A trial court properly rejected a second lawsuit brought by a Gary property owner who had already sued its insurer for coverage in a previous case involving the same parties, losses and issues, the Indiana Court of Appeals ruled Wednesday.

The dispute involves an apartment building owned by HERCO LLC. The building caught fire in April 2012, and HERCO reported the loss to Auto-Owners Insurance Company. HERCO also reported a loss in July 2012 after unknown persons vandalized and stole property from the building. Auto-Owners provided partial compensation, but the parties disagreed on the value of the loss and amount due to HERCO.

Thus, in February 2013, HERCO filed for an umpire to complete an insurance appraisal. The appraiser found the cash value of damages from the fire to be $435,000 and the business interruption to be $36,000. As for the July 2012 incident, the appraiser found damages totaling $109,739 and business interruption losses totaling $10,000.

Auto-Owners paid out the policy limit for the fire claim and in September 2015 agreed to pay the balance of the appraisal as to the theft and vandalism. Then in October 2015, HERCO filed a second suit, claiming Auto-Owners had breached the contract by not issuing payment until nearly two years after the appraisal award was entered. Meanwhile, the parties filed a release and satisfaction appraisal award in the first suit.

Auto-Owners moved for summary judgment in the second suit in November 2019, claiming, among other things, that HERCO’s second case was barred by the doctrine of res judicata. The Lake Superior Court agreed, granting summary judgment to Auto-Owners.

HERCO appealed, relying on Huber v. United Farm Family Mutual Insurance Company, 856 N.E.2d 713 (Ind. Ct. App. 2006), for the proposition that the release and satisfaction entered in the first case was not a judgment on the merits. The Indiana Court of Appeals, however, distinguished Huber.

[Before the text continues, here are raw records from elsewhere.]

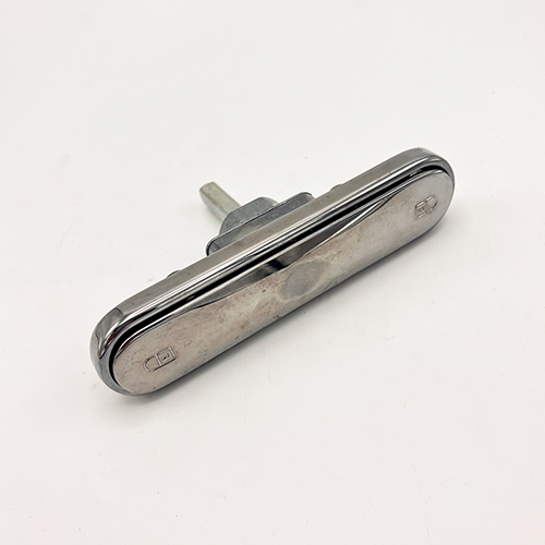 The T-shaped lever handle pops-out from its back plate for operation, offering a flush fit when closed. This version is the non-locking handle.
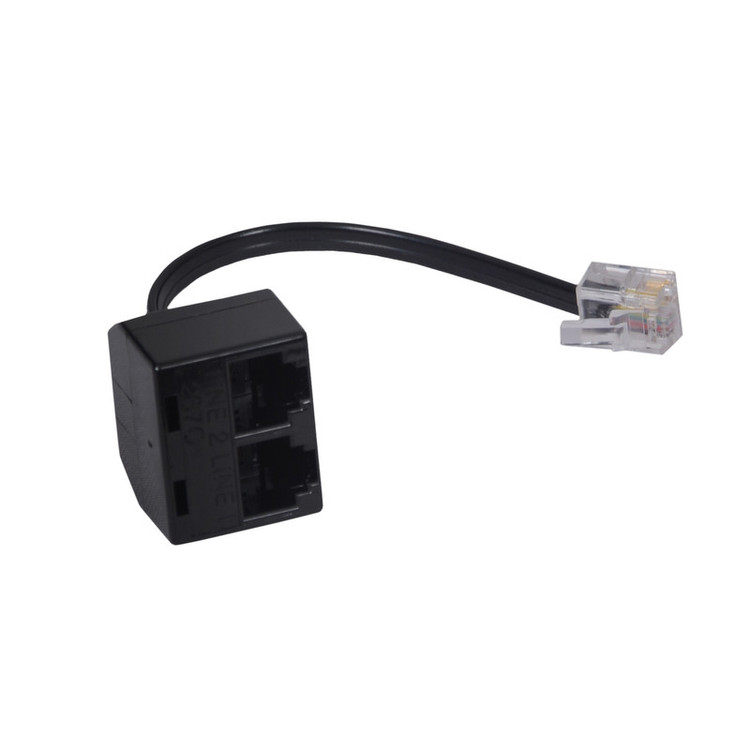 تبدیل یک به دو تلفن دارای دو عدد مادگی سوکت تلفن و ورودی سیم دار با سوکت تلفن.
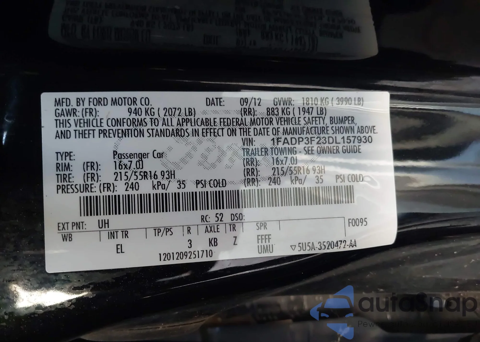 • VIN 1FADP3F23DL157930
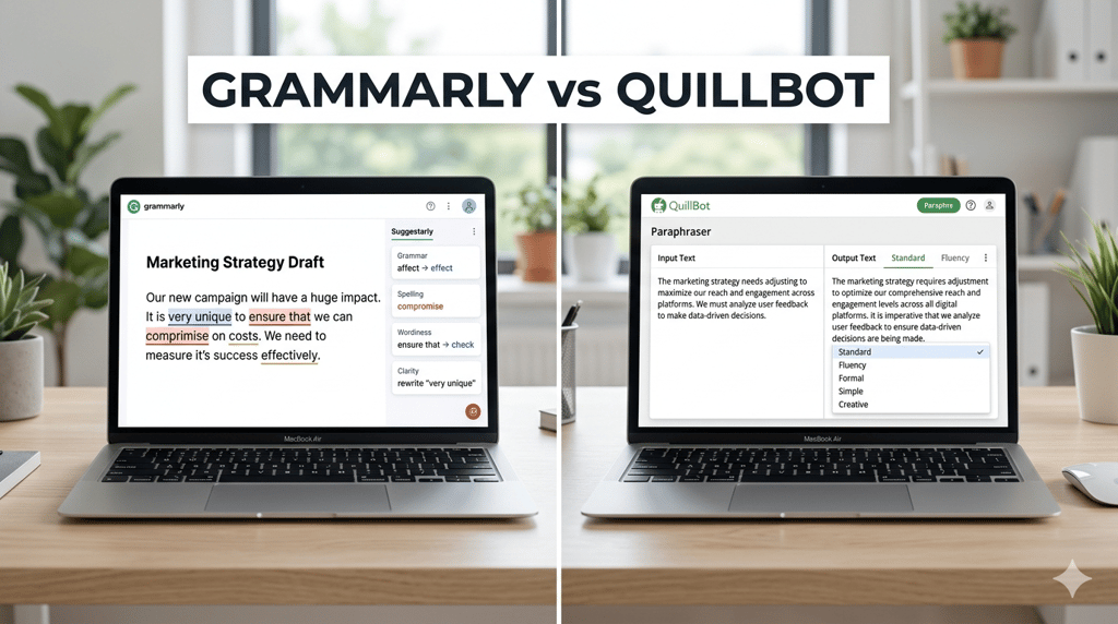 Compare Grammarly vs QuillBot in 2026 and discover which tool is better for grammar, rewriting, paraphrasing, and writing improvement.

Huber differs from the case at bar because HERCO and Auto-Owners continued to litigate the First Suit for years after entry of the appraisal award,” Judge Melissa May wrote Wednesday. “The parties engaged in discovery and Auto-Owners contested whether its policy covered the theft and vandalism portion of the appraisal award. Thus, the release and satisfaction filed in the First Suit constitutes judgment on the merits by a court of competent jurisdiction for res judicata purposes.”

The appellate court also rejected HERCO’s argument that the issues in the two cases were different, writing that “HERCO will need to prove that the insurance contract clearly covered the full appraisal award and that Auto-Owners’ continued litigation of the First Suit after entry of the appraisal award was unfounded. … HERCO will therefore need to rely on the same evidence used in the First Suit to prove it was entitled to the full appraisal award.”

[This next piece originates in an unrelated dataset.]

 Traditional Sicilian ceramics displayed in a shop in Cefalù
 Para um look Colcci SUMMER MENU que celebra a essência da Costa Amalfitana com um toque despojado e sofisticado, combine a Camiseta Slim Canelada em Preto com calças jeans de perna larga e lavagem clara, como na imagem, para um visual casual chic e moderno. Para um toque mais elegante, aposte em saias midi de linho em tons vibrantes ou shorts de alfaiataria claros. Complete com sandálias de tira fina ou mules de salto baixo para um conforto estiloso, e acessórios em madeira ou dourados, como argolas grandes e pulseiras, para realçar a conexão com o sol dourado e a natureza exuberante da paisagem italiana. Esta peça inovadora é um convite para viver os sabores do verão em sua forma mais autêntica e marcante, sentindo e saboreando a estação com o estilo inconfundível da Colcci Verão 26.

“HERCO’s designation of the settlement of the First Suit in opposition to Auto-Owners’ motion for summary judgment as evidence of Auto-Owner’s liability for the theft and vandalism portions of the appraisal award demonstrates the connection between the First Suit and the Second Suit,” May continued. “Thus, the identity of the issues requirement is met.”

Finally, the COA rejected the claim that HERCO could not bring the second suit until after Auto-Owners agreed to pay in full because that is when the claims raised in the second case accrued.

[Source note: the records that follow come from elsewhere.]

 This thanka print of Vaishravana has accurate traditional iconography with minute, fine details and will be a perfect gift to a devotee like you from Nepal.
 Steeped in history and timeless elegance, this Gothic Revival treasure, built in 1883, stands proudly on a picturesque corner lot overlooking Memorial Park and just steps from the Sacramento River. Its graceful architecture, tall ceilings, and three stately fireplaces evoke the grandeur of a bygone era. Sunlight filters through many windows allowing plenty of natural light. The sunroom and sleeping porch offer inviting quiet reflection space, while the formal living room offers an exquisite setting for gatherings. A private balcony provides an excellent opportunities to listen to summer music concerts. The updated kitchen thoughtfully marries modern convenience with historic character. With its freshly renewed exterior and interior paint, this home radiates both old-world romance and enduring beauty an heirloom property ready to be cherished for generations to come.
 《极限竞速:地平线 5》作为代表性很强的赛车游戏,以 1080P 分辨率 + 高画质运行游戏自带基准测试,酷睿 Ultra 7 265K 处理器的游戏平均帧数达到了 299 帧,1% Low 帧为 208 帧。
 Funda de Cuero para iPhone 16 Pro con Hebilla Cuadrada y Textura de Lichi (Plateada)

“Here, HERCO and Auto-Owners were already involved in the First Suit when the appraisal award was entered. HERCO could have pursued both a claim for judgment on the appraisal award and claims for bad faith and breach of contract in the First Suit by amending its complaint, but HERCO did not do so,” May wrote.

“The issues in the First Suit and the Second Suit are inextricably intertwined, and the trial court did not err in grating Auto-Owners’ motion for summary judgment.”

The case is Herco, LLC v. Auto-Owners Insurance Company, 20A-PL-1682.